▶ BRIEF
Restate the data word for word and leave the images out.
** Opening SUPPLIED INFORMATION block **
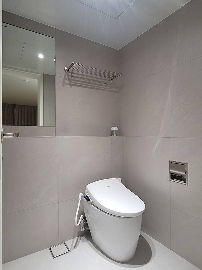 저는 비데가 꼭 있어야 하는 타입이라 안방 화장실은 일체형 비데를 설치했어요. 샤워공간 바로 옆이라 걱정이 되었지만 웬만한 생활방수는 되더라고요.
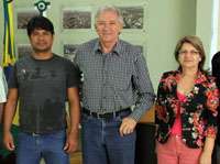 O cacique Mbey Mbey Tupã, de uma aldeia de índios guaranis, foi fazer uma visitinha ao prefeito Nelson Tureck. Estava junto com a professora Sinclair Pozza Casemiro, que coordena pesquisas do Caminho de Peabiru na região. Tupã foi agradecer o apoio da prefeitura na instalação de uma aldeia na região do Barreiro das Frutas, onde vão morar cerca de 30 índios. Eles compraram a área. Tá pensando o quê!...
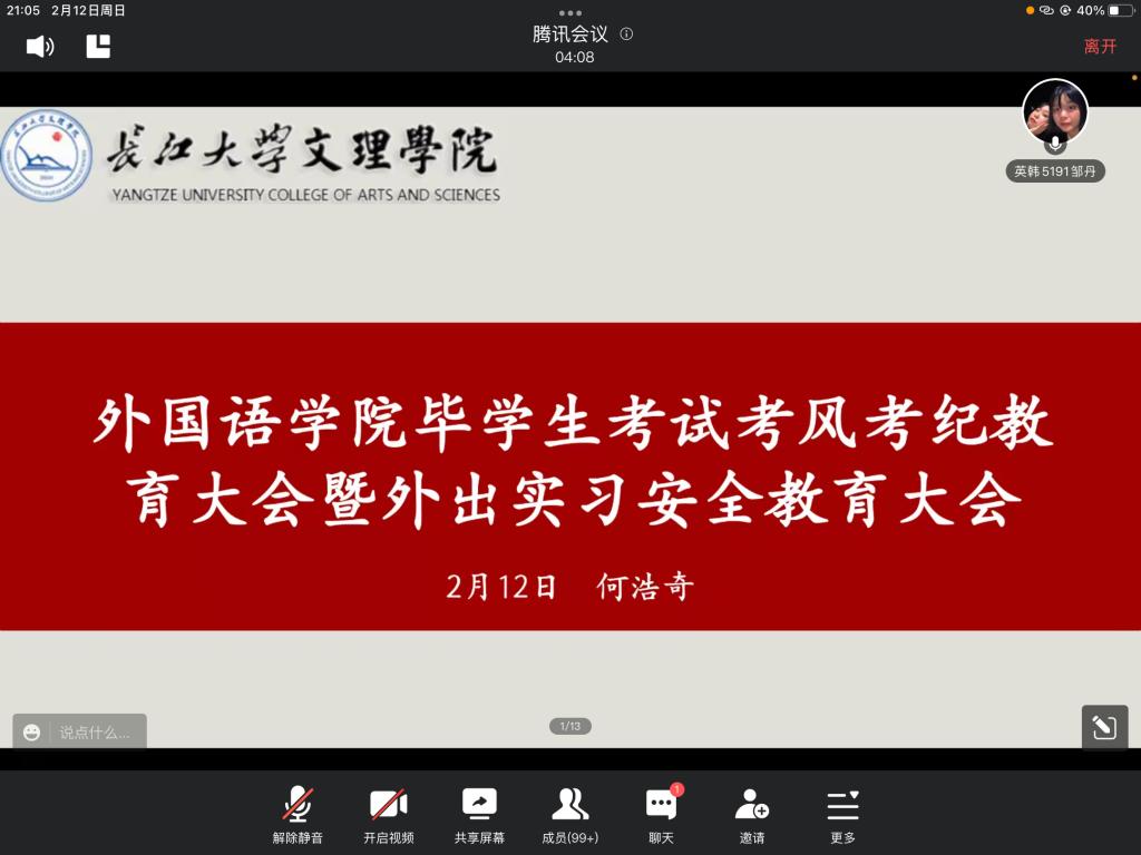 (通讯员 胡世丹)为引导员工扣好新学期“第一粒扣子”,确保公司开学安全有序。2月12日晚七点,VSport各年级组织开展“开学安全及考风考纪教育”主题班会,此次班会由各班辅导员主持。
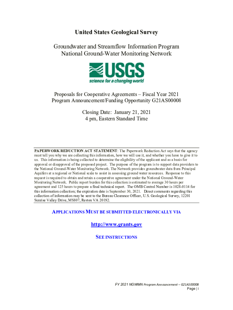 United States Geological Survey Groundwater and Stream flow Information Program National Groundwater Monitoring NetworkProposals for Cooperative Agreements Fiscal Year 2021 Program Announcement/Funding
** Closing SUPPLIED INFORMATION block **
▶ SOLUTION
 저는 비데가 꼭 있어야 하는 타입이라 안방 화장실은 일체형 비데를 설치했어요. 샤워공간 바로 옆이라 걱정이 되었지만 웬만한 생활방수는 되더라고요.
 O cacique Mbey Mbey Tupã, de uma aldeia de índios guaranis, foi fazer uma visitinha ao prefeito Nelson Tureck. Estava junto com a professora Sinclair Pozza Casemiro, que coordena pesquisas do Caminho de Peabiru na região. Tupã foi agradecer o apoio da prefeitura na instalação de uma aldeia na região do Barreiro das Frutas, onde vão morar cerca de 30 índios. Eles compraram a área. Tá pensando o quê!...
 (通讯员 胡世丹)为引导员工扣好新学期“第一粒扣子”,确保公司开学安全有序。2月12日晚七点,VSport各年级组织开展“开学安全及考风考纪教育”主题班会,此次班会由各班辅导员主持。
 United States Geological Survey Groundwater and Stream flow Information Program National Groundwater Monitoring NetworkProposals for Cooperative Agreements Fiscal Year 2021 Program Announcement/Funding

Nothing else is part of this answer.